> Data for review
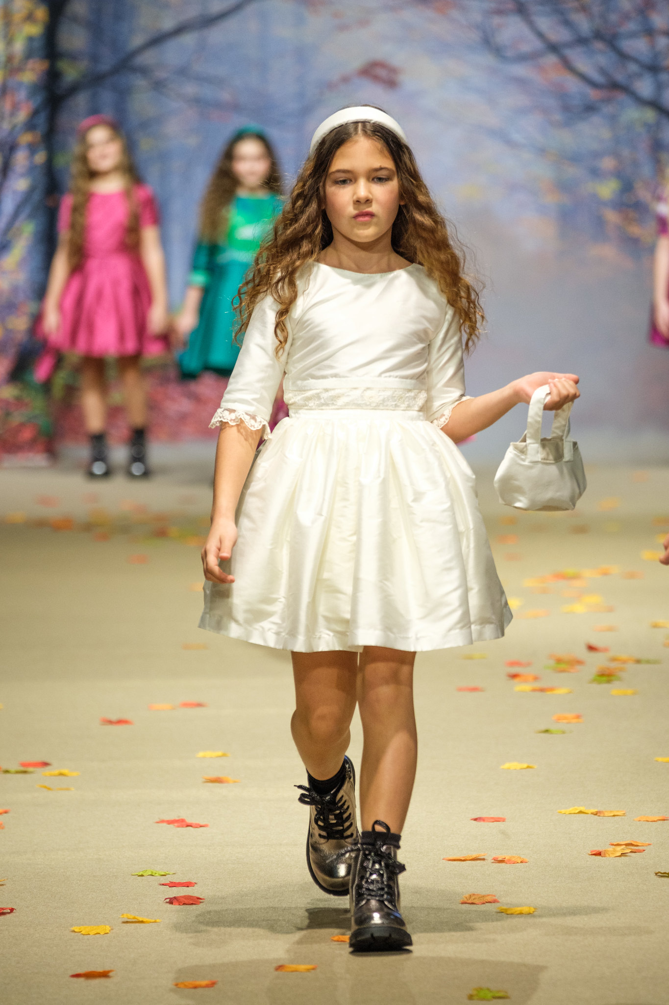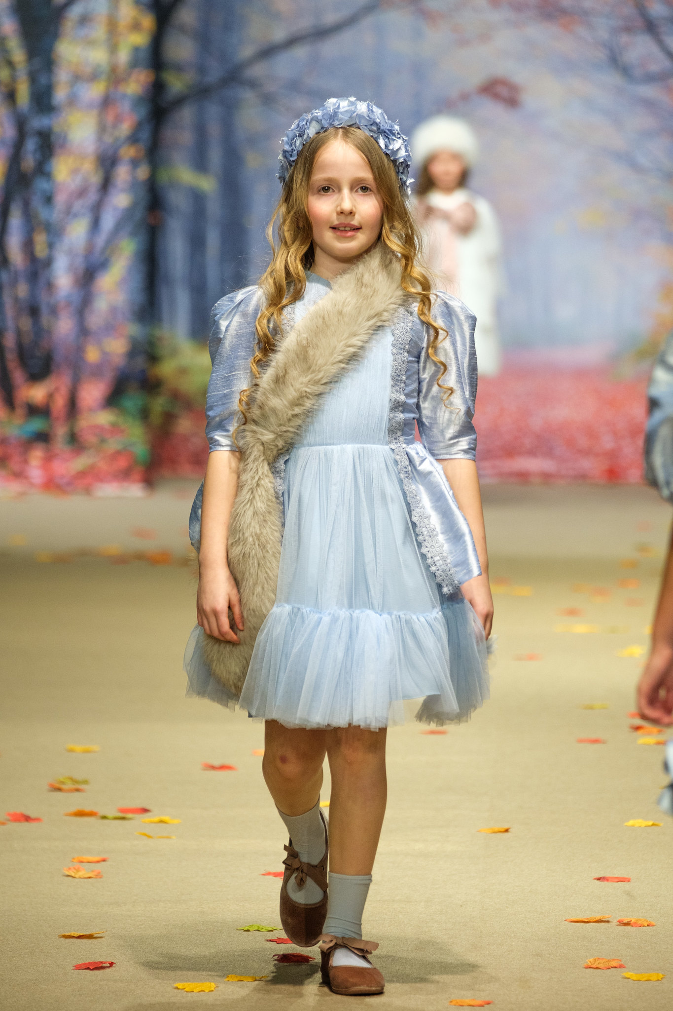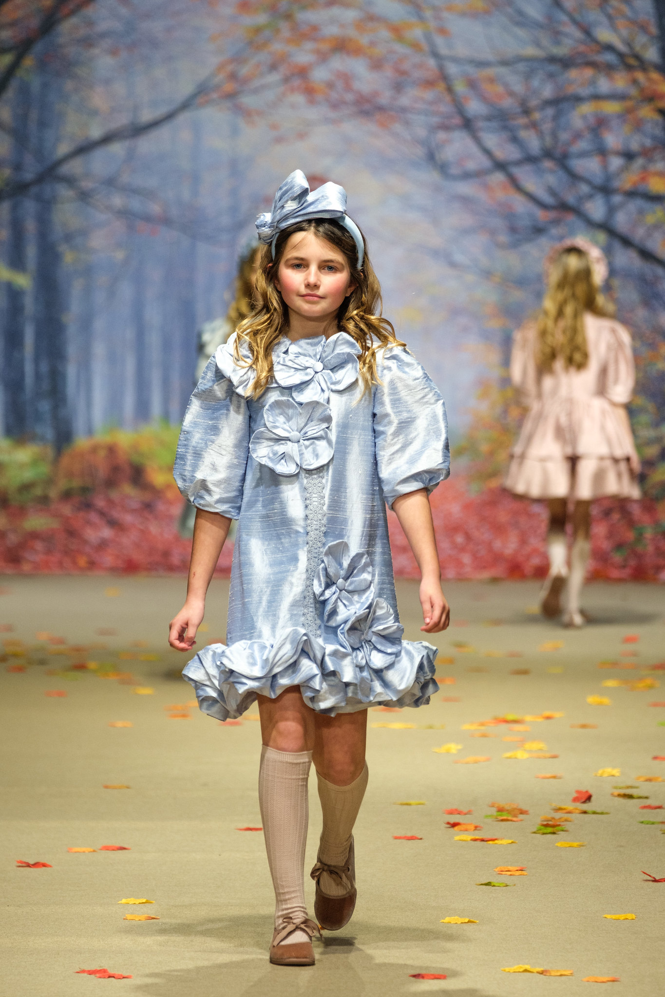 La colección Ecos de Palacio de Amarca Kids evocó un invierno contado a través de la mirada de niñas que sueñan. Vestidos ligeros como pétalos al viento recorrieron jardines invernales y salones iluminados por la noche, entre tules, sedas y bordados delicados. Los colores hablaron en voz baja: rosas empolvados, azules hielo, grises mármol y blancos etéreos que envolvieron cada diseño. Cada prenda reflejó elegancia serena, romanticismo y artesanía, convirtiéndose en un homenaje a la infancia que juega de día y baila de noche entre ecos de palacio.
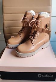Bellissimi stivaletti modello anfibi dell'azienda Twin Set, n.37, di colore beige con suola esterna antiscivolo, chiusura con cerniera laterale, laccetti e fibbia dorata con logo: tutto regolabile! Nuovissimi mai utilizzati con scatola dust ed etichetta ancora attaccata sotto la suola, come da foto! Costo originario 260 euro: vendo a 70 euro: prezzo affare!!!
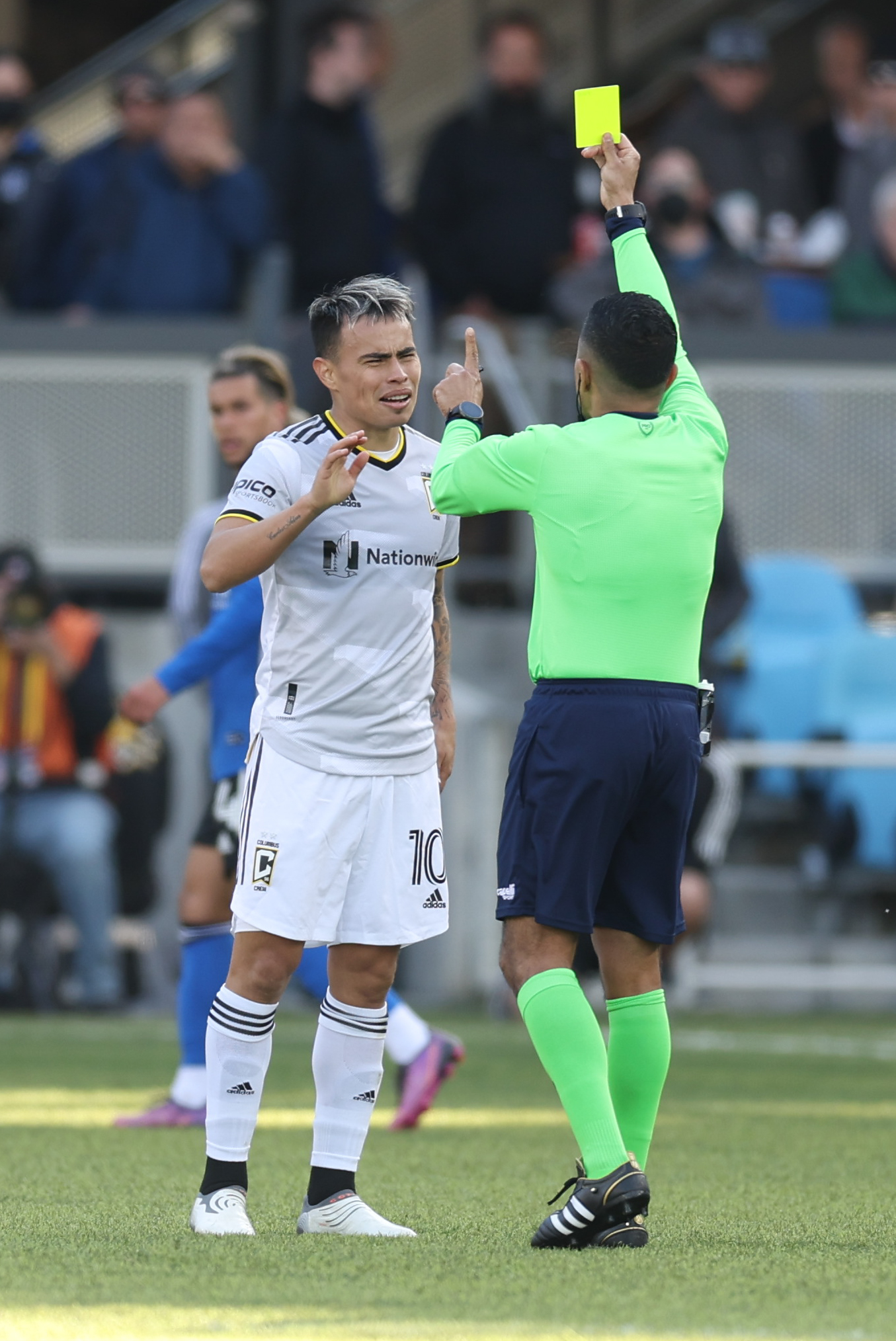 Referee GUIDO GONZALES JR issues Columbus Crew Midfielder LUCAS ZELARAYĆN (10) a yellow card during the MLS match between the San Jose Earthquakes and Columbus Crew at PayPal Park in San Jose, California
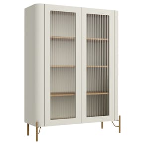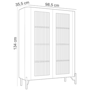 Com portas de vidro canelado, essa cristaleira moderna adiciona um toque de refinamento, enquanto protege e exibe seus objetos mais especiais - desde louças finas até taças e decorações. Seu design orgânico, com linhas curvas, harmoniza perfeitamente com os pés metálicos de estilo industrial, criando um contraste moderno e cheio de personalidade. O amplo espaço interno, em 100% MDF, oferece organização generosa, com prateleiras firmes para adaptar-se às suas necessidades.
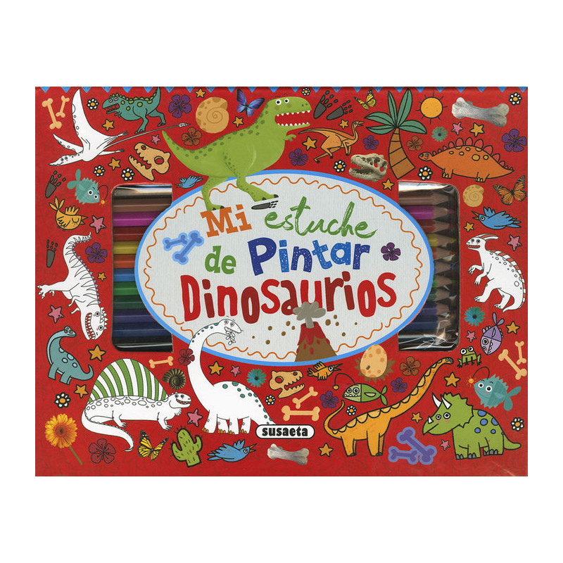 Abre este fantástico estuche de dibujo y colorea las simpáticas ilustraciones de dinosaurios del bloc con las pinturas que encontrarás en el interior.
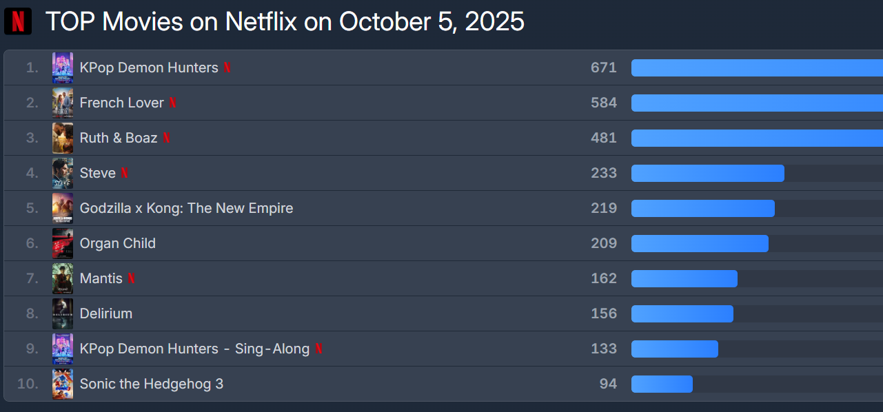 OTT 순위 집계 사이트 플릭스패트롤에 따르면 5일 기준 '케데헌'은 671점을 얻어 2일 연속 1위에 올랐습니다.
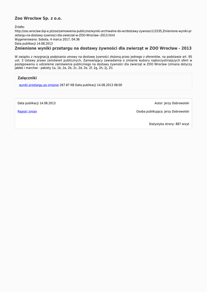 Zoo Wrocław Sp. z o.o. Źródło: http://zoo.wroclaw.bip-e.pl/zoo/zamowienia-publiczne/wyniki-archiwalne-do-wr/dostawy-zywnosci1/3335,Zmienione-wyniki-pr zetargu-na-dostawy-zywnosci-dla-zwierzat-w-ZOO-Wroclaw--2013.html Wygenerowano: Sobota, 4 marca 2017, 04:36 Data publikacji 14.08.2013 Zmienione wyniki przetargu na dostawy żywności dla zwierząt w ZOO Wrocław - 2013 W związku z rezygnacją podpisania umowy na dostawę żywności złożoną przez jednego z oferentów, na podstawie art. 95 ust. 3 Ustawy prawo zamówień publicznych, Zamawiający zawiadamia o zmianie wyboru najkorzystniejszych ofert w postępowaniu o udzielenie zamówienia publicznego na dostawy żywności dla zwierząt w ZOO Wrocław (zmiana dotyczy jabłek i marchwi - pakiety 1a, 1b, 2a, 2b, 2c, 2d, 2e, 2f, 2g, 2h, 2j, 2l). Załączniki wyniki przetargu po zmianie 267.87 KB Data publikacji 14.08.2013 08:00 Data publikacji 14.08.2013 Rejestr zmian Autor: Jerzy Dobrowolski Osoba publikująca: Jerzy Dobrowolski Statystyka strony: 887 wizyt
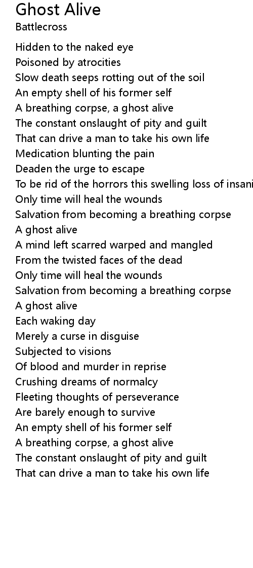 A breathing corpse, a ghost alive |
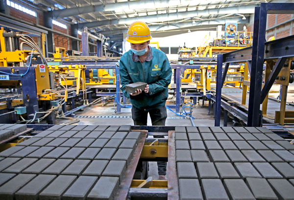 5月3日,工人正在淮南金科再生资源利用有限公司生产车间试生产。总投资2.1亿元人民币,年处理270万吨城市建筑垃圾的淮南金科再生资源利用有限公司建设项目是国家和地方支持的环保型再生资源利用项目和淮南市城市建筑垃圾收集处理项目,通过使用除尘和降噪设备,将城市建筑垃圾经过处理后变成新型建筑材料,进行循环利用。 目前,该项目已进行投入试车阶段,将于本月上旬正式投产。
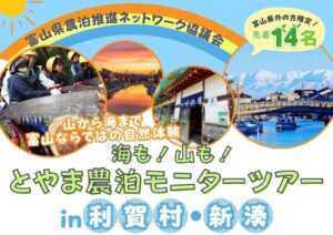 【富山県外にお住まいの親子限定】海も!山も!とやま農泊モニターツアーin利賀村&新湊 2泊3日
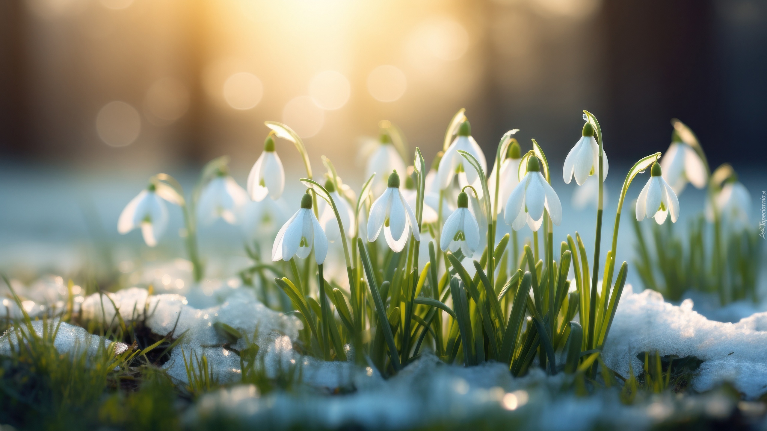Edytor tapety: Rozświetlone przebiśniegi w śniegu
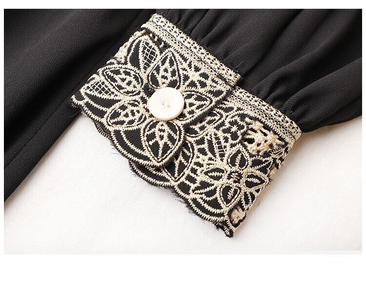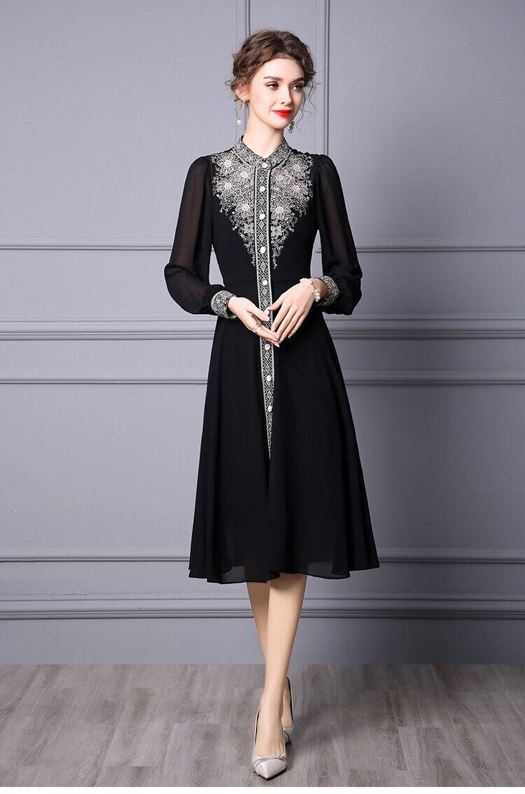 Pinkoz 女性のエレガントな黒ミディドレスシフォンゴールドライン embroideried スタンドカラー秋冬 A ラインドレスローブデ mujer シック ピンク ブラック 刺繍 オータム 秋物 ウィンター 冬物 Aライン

> Required work
Give back the records word for word, without their pictures.

> Expected answer
 La colección Ecos de Palacio de Amarca Kids evocó un invierno contado a través de la mirada de niñas que sueñan. Vestidos ligeros como pétalos al viento recorrieron jardines invernales y salones iluminados por la noche, entre tules, sedas y bordados delicados. Los colores hablaron en voz baja: rosas empolvados, azules hielo, grises mármol y blancos etéreos que envolvieron cada diseño. Cada prenda reflejó elegancia serena, romanticismo y artesanía, convirtiéndose en un homenaje a la infancia que juega de día y baila de noche entre ecos de palacio.
Bellissimi stivaletti modello anfibi dell'azienda Twin Set, n.37, di colore beige con suola esterna antiscivolo, chiusura con cerniera laterale, laccetti e fibbia dorata con logo: tutto regolabile! Nuovissimi mai utilizzati con scatola dust ed etichetta ancora attaccata sotto la suola, come da foto! Costo originario 260 euro: vendo a 70 euro: prezzo affare!!!
 Referee GUIDO GONZALES JR issues Columbus Crew Midfielder LUCAS ZELARAYĆN (10) a yellow card during the MLS match between the San Jose Earthquakes and Columbus Crew at PayPal Park in San Jose, California
 Com portas de vidro canelado, essa cristaleira moderna adiciona um toque de refinamento, enquanto protege e exibe seus objetos mais especiais - desde louças finas até taças e decorações. Seu design orgânico, com linhas curvas, harmoniza perfeitamente com os pés metálicos de estilo industrial, criando um contraste moderno e cheio de personalidade. O amplo espaço interno, em 100% MDF, oferece organização generosa, com prateleiras firmes para adaptar-se às suas necessidades.
 Abre este fantástico estuche de dibujo y colorea las simpáticas ilustraciones de dinosaurios del bloc con las pinturas que encontrarás en el interior.
 OTT 순위 집계 사이트 플릭스패트롤에 따르면 5일 기준 '케데헌'은 671점을 얻어 2일 연속 1위에 올랐습니다.
 Zoo Wrocław Sp. z o.o. Źródło: http://zoo.wroclaw.bip-e.pl/zoo/zamowienia-publiczne/wyniki-archiwalne-do-wr/dostawy-zywnosci1/3335,Zmienione-wyniki-pr zetargu-na-dostawy-zywnosci-dla-zwierzat-w-ZOO-Wroclaw--2013.html Wygenerowano: Sobota, 4 marca 2017, 04:36 Data publikacji 14.08.2013 Zmienione wyniki przetargu na dostawy żywności dla zwierząt w ZOO Wrocław - 2013 W związku z rezygnacją podpisania umowy na dostawę żywności złożoną przez jednego z oferentów, na podstawie art. 95 ust. 3 Ustawy prawo zamówień publicznych, Zamawiający zawiadamia o zmianie wyboru najkorzystniejszych ofert w postępowaniu o udzielenie zamówienia publicznego na dostawy żywności dla zwierząt w ZOO Wrocław (zmiana dotyczy jabłek i marchwi - pakiety 1a, 1b, 2a, 2b, 2c, 2d, 2e, 2f, 2g, 2h, 2j, 2l). Załączniki wyniki przetargu po zmianie 267.87 KB Data publikacji 14.08.2013 08:00 Data publikacji 14.08.2013 Rejestr zmian Autor: Jerzy Dobrowolski Osoba publikująca: Jerzy Dobrowolski Statystyka strony: 887 wizyt
 A breathing corpse, a ghost alive |
 5月3日,工人正在淮南金科再生资源利用有限公司生产车间试生产。总投资2.1亿元人民币,年处理270万吨城市建筑垃圾的淮南金科再生资源利用有限公司建设项目是国家和地方支持的环保型再生资源利用项目和淮南市城市建筑垃圾收集处理项目,通过使用除尘和降噪设备,将城市建筑垃圾经过处理后变成新型建筑材料,进行循环利用。 目前,该项目已进行投入试车阶段,将于本月上旬正式投产。
 【富山県外にお住まいの親子限定】海も!山も!とやま農泊モニターツアーin利賀村&新湊 2泊3日
Edytor tapety: Rozświetlone przebiśniegi w śniegu
 Pinkoz 女性のエレガントな黒ミディドレスシフォンゴールドライン embroideried スタンドカラー秋冬 A ラインドレスローブデ mujer シック ピンク ブラック 刺繍 オータム 秋物 ウィンター 冬物 Aライン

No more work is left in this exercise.